* **WHAT THE TASK REQUIRES**
Reproduce all of the entries character for character, while leaving out any pictures they contain.

* **INFORMATION SUPPLIED**
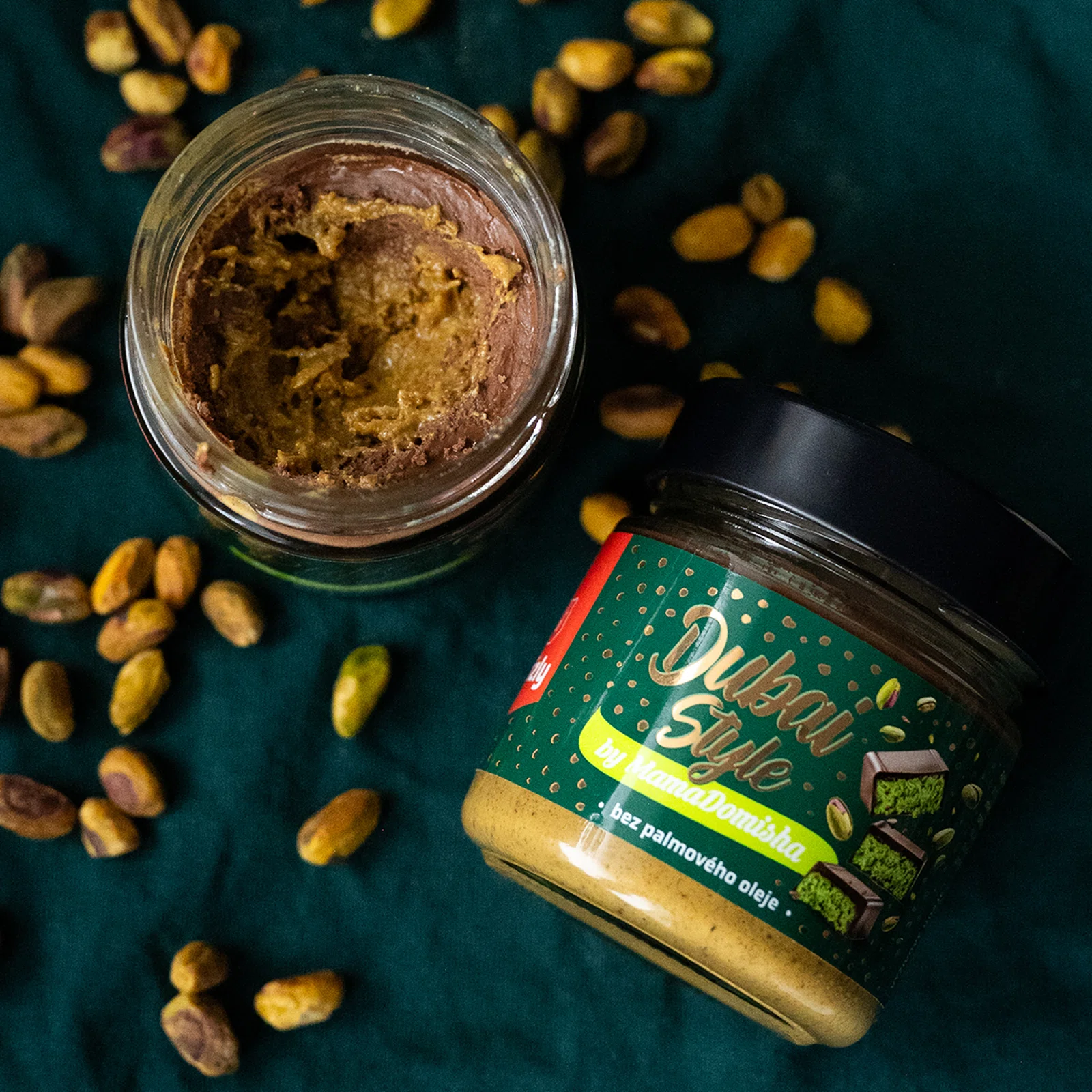 Nu trebuie să zbori până în Dubai pentru a gusta această delicatesă luxoasă inspirată de celebra ciocolată din Dubai. Rețeta cremei Dubai style spread, la fel ca și ciocolata din Dubai, se bazează pe rețete tradiționale arabe. Combină gustul bogat al ciocolatei exclusive, spuma pufoasă de fistic și crocantul kanafeh. Kunafa, cunoscută și sub numele de kanafeh sau knafeh, este renumită pentru gustul său ușor dulce și firele subțiri de aluat, care îi conferă o crocantă inconfundabilă – și exact acest lucru îl vei regăsi și în această cremă. Lasă-te purtat de combinația unică de arome și gusturi. Dar atenție – dispare rapid! Odată ce guști prima linguriță, nu te vei putea opri.
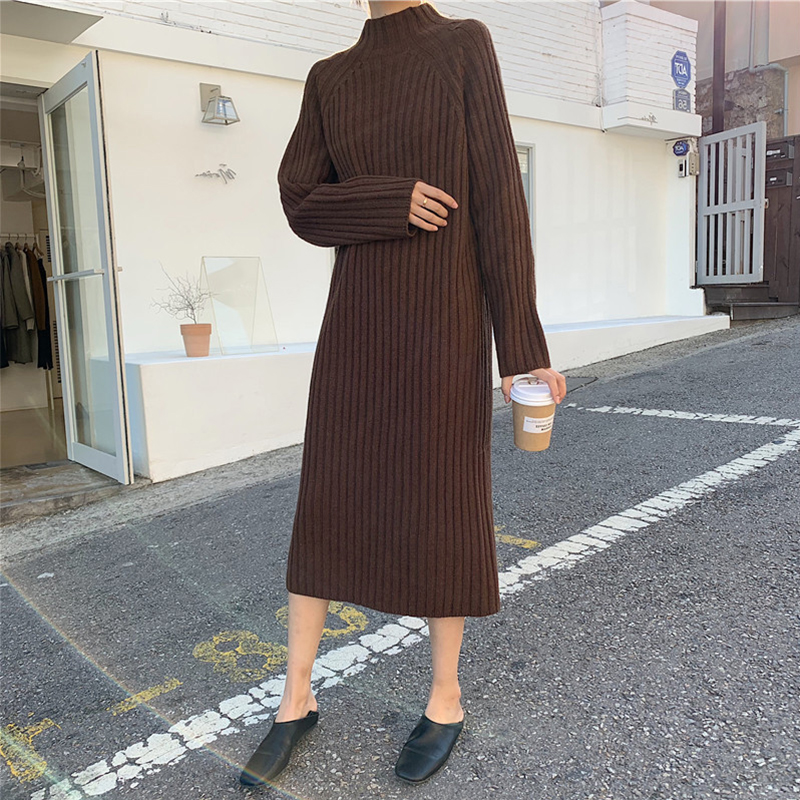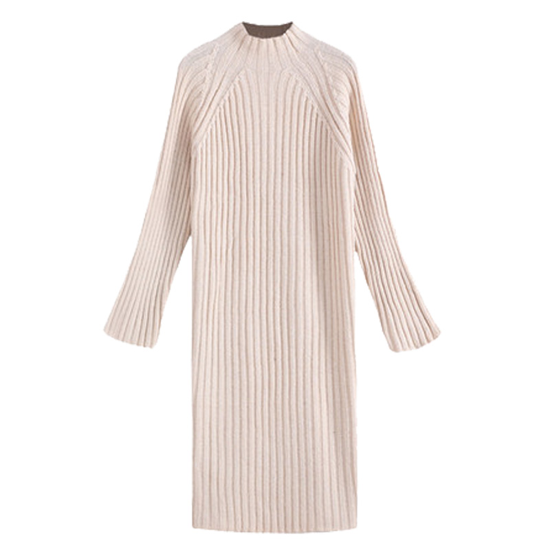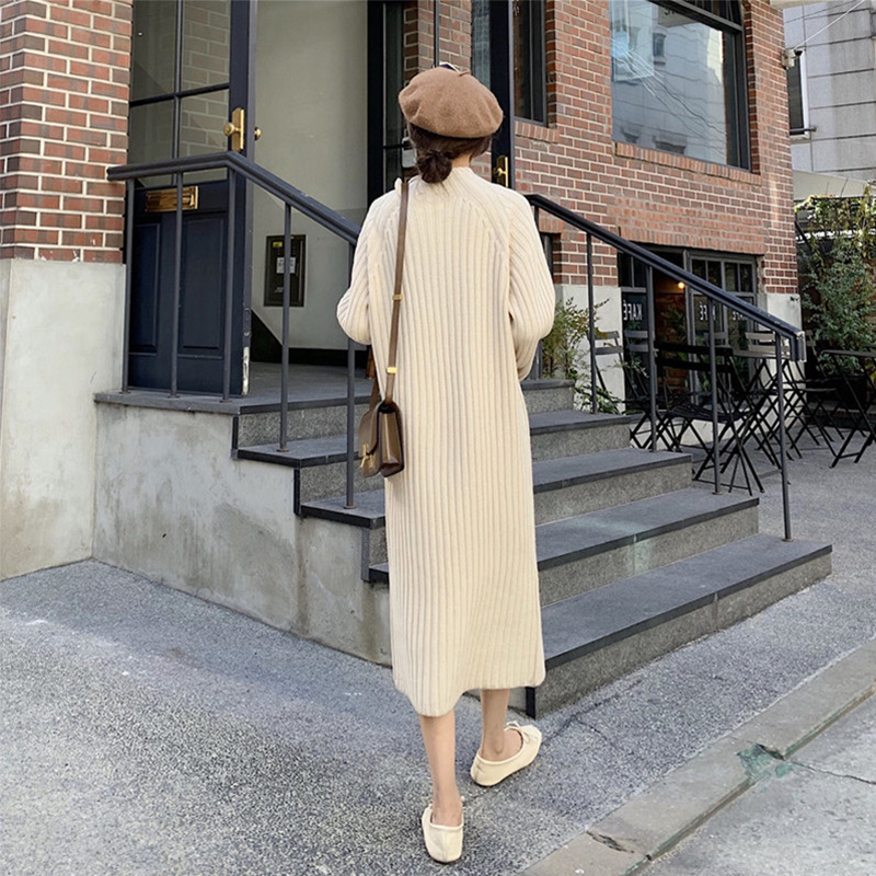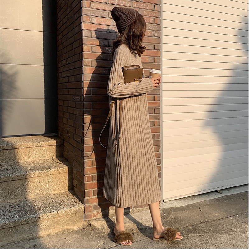 Autumn and winter long version thickened loose lazy wind sweater women's knee long skirt with knitted inside dress fake collar
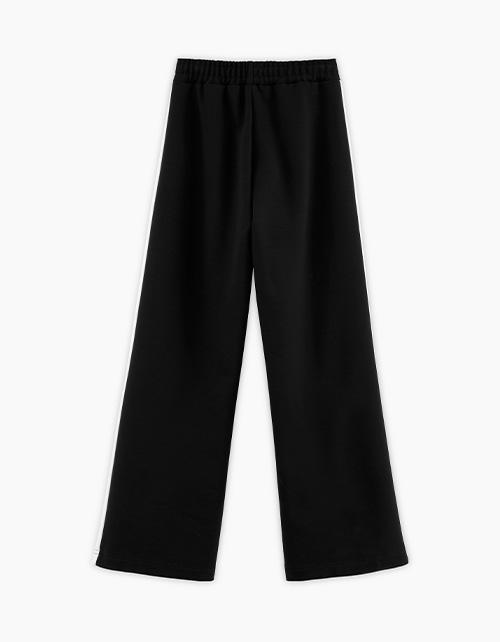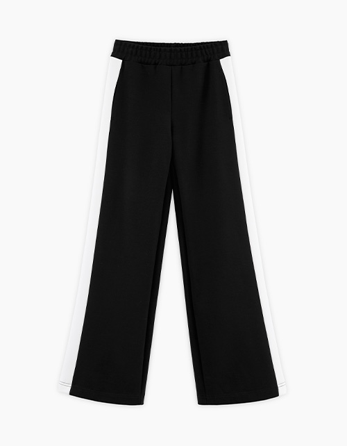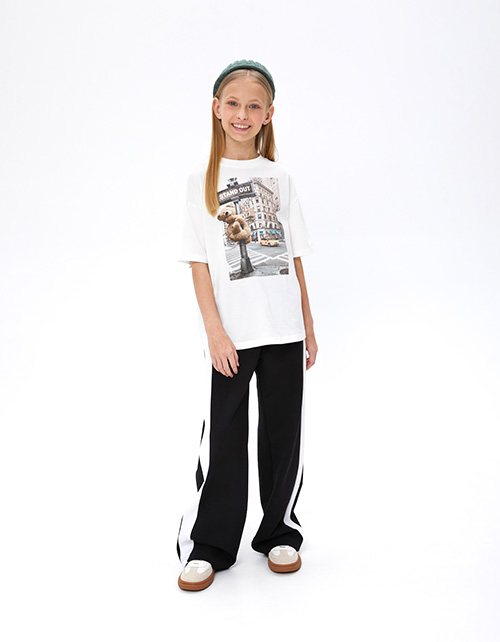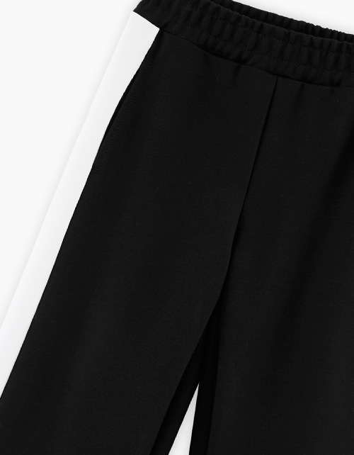 Трендовые чёрные брюки джерси для девочки. Прямая модель со средней посадкой. Изделие без застежки, на мягком эластичном поясе. Брюки с декоративными контрастными вставками по всей длине по бокам. Карманы в боковом шве.
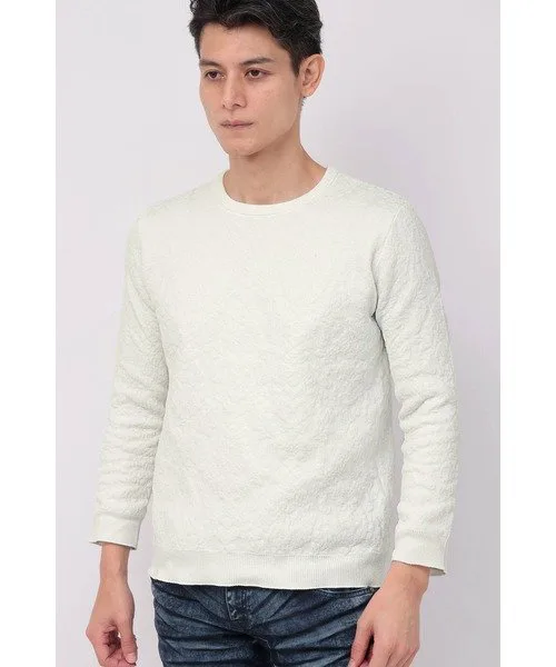 Жаккардовое полотно с оборками, выполненное из мохеровой пряжи и эластичной полиэстеровой пряжи. Благодаря использованию пряжи с разной текстурой, трикотажное полотно имеет едва заметный рельефный узор.
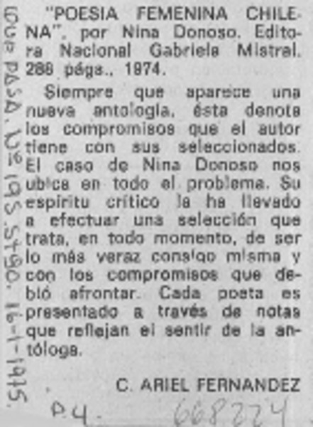 Autoras chilenas - Donoso, Nina - Poesía femenina chilena
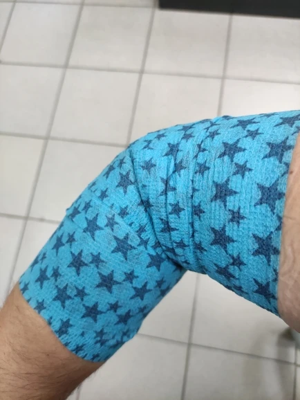 Отличные бинты ! Очень удобно фиксировать на сгибах . Можно использовать многократно !

* **WRITTEN REPLY**
 Nu trebuie să zbori până în Dubai pentru a gusta această delicatesă luxoasă inspirată de celebra ciocolată din Dubai. Rețeta cremei Dubai style spread, la fel ca și ciocolata din Dubai, se bazează pe rețete tradiționale arabe. Combină gustul bogat al ciocolatei exclusive, spuma pufoasă de fistic și crocantul kanafeh. Kunafa, cunoscută și sub numele de kanafeh sau knafeh, este renumită pentru gustul său ușor dulce și firele subțiri de aluat, care îi conferă o crocantă inconfundabilă – și exact acest lucru îl vei regăsi și în această cremă. Lasă-te purtat de combinația unică de arome și gusturi. Dar atenție – dispare rapid! Odată ce guști prima linguriță, nu te vei putea opri.
 Autumn and winter long version thickened loose lazy wind sweater women's knee long skirt with knitted inside dress fake collar
 Трендовые чёрные брюки джерси для девочки. Прямая модель со средней посадкой. Изделие без застежки, на мягком эластичном поясе. Брюки с декоративными контрастными вставками по всей длине по бокам. Карманы в боковом шве.
 Жаккардовое полотно с оборками, выполненное из мохеровой пряжи и эластичной полиэстеровой пряжи. Благодаря использованию пряжи с разной текстурой, трикотажное полотно имеет едва заметный рельефный узор.
 Autoras chilenas - Donoso, Nina - Poesía femenina chilena
 Отличные бинты ! Очень удобно фиксировать на сгибах . Можно использовать многократно !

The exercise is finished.